Shandong University School of Medicine, Jinan, 250012, People's Republic of China.
J Neurooncol. 2012 Feb;106(3):543-9. doi: 10.1007/s11060-011-0710-6. Epub 2011 Oct 8.
High-mobility group A1 (HMGA1) protein is an architectural transcription factor widely expressed during embryonic development and tumor progression. The purpose of this research was to investigate the expression of HMGA1 in malignant gliomas with different WHO classification and to study the correlation of HMGA1 expression with tumor proliferation, invasion, and angiogenesis. Expression of HMGA1, Ki-67, MMP-9, VEGF-A, and MVD in malignant gliomas and their correlation were studied in 60 samples of different WHO classification by use of immunohistochemistry, and in 27 randomly selected samples by use of real-time quantitative PCR. Immunohistochemistry results showed that nuclear immunostaining of HMGA1 protein was not observed in normal brain tissues but was observed in 96.7% (58 of 60) of malignant gliomas including high (+++) in 15 (25.0%), moderate (++) in 28 (46.7%), and negligible to low (0-+) in 17 (28.3%) samples. Expression of HMGA1 protein was significantly higher in glioblastoma multiforme than in WHO grade II (P = 0.002) and WHO grade III gliomas (P = 0.024). HMGA1 protein expression correlated significantly with expression of Ki-67 (r = 0.530, P = 0.000), MMP-9 (r = 0.508, P = 0.000), VEGF-A (r = 0.316, P = 0.014), and MVD (r = 0.321, P = 0.012), but not with sex (r = 0.087, P = 0.510) and age (r = -0.121, P = 0.358). Real-time quantitative PCR results, also, were indicative of HMGA1 overexpression in glioblastoma multiforme compared with WHO grade II (P = 0.043) and WHO grade III (P = 0.031) gliomas. HMGA1 gene expression correlated significantly with gene expression of Ki-67 (r = 0.429, P = 0.025), MMP-9 (r = 0.443, P = 0.024), and VEGF-A (r = 0.409, P = 0.034). These results indicated that expression of HMGA1 correlates significantly with malignancy, proliferation, invasion, and angiogenesis of gliomas. We conclude that HMGA1 may be a potential biomarker and rational therapeutic target for human tumors.
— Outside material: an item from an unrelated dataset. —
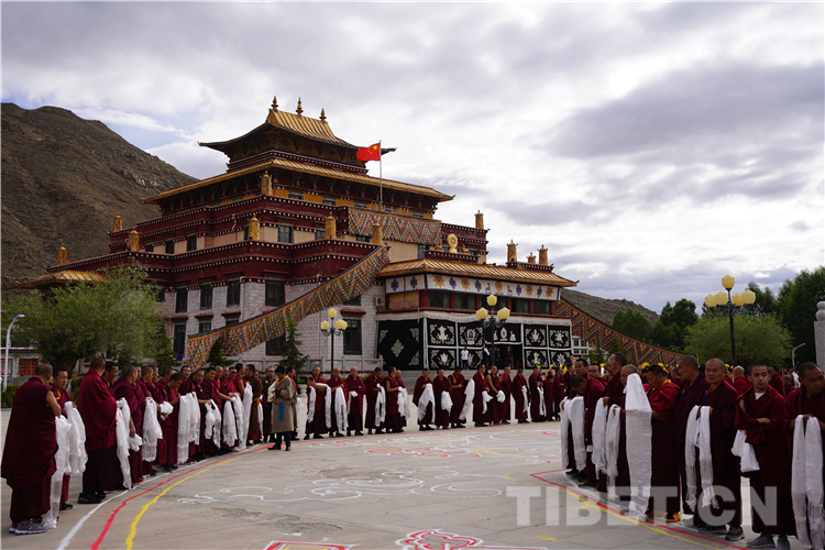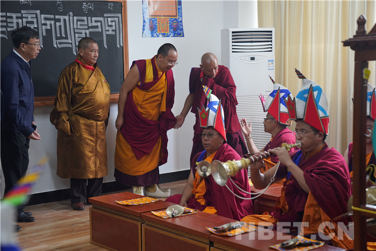 On the day, the Panchen Erdeni Choskyi Gyalpo, who is also a member of the Standing Committee of the National Committee of the Chinese People's Political Consultative Conference and a vice president of the Buddhist Associatio of China, paid a vist to the Buddhist Academy of Tibet. All of the monk and nun students of the academy waited with khata scarves in their hands for the arrival of the Panchen Lama.

高迁移率族蛋白 A1(HMGA1)蛋白是一种广泛表达于胚胎发育和肿瘤进展过程中的结构转录因子。本研究旨在探讨不同 WHO 分级的恶性胶质瘤中 HMGA1 的表达,并研究 HMGA1 表达与肿瘤增殖、侵袭和血管生成的相关性。采用免疫组织化学方法检测 60 例不同 WHO 分级的恶性胶质瘤组织中 HMGA1、Ki-67、MMP-9、VEGF-A 和 MVD 的表达,并采用实时定量 PCR 方法检测 27 例随机选择的样本。免疫组织化学结果显示,正常脑组织中未见 HMGA1 蛋白核免疫染色,而 60 例恶性胶质瘤中 96.7%(58/60)可见HMGA1 蛋白核免疫染色,其中高(+++)15 例(25.0%),中(++)28 例(46.7%),低至无(0-+)17 例(28.3%)。HMGA1 蛋白表达在多形性胶质母细胞瘤中明显高于 WHO Ⅱ级(P = 0.002)和 WHO Ⅲ级胶质瘤(P = 0.024)。HMGA1 蛋白表达与 Ki-67(r = 0.530,P = 0.000)、MMP-9(r = 0.508,P = 0.000)、VEGF-A(r = 0.316,P = 0.014)和 MVD(r = 0.321,P = 0.012)的表达显著相关,而与性别(r = 0.087,P = 0.510)和年龄(r = -0.121,P = 0.358)无关。实时定量 PCR 结果也显示,HMGA1 在多形性胶质母细胞瘤中的表达明显高于 WHO Ⅱ级(P = 0.043)和 WHO Ⅲ级(P = 0.031)胶质瘤。HMGA1 基因表达与 Ki-67(r = 0.429,P = 0.025)、MMP-9(r = 0.443,P = 0.024)和 VEGF-A(r = 0.409,P = 0.034)的基因表达显著相关。这些结果表明,HMGA1 的表达与胶质瘤的恶性程度、增殖、侵袭和血管生成密切相关。我们得出结论,HMGA1 可能是人类肿瘤的一个潜在的生物标志物和合理的治疗靶点。